The Night Before

It's Hot / Crazy / Ten Below / Porcupine / Shine / Dr Hellier / Hero

Out Now

Earlier this year when James released The Night Before, the album catapulted James into the pantheon of artists that are even more alluring second time around.

The Night Before seems fearless, a product, no doubt, of the way it was conceived: the band set up an FTP site to which they all contributed, downloading and updating each other's efforts at various intervals whilst Lee 'Muddy' Baker knocked things into shape.

Tim explained to the BBC, "We improvised 30-minute songs then put them on a website and each band member could download them and work on them at home - reconstruct them, chop them up, arrange them, put their instruments on, do whatever they wanted. Then they could put it back on the website and someone else could take that and chop it up and do the same. A very Brian Eno-esque way of working. We worked with him for nine or 10 years and it filtered through."

The results of this "virtual" recording process proved as diverse and intriguing as anything the band had attempted before.

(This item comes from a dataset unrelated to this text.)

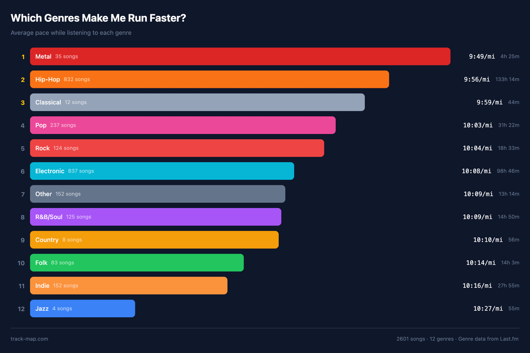 * **Metal and hip-hop are my fastest genres** (~9:49–9:56/mi); indie, folk, and jazz are the slowest (~10:16–10:27/mi)

The Night Before is nothing if not intimate. Ten Below was inspired by Booth's memories of "surviving" a Welsh boarding school education where he spent a significant amount of time wearing hats and scarves under the bedclothes (he was "yellow" and suffering from jaundice) and listening to John Peel – who'd incidentally attended the same school. Crazy, the lead single, touches on a similar theme; Booth's liver disease actually got worse not better and he found himself hospitalised, wired up to oxygen and told that he had hardly any white cells left in his body. Throughout recovery (if life can be said to be recovery), Booth had been convinced that his physical frailty (which often produced hallucinations) meant that he was "crazy" and that sooner or later he would be exposed. (Imagine his surprise when he hit thirty and found he'd got away with it!) Ostensibly, both songs had a sense of triumph but it's surely true to say that if James had always written uplifting songs about insecurity, disaffection and mental illness, then these songs take the record to a whole new level.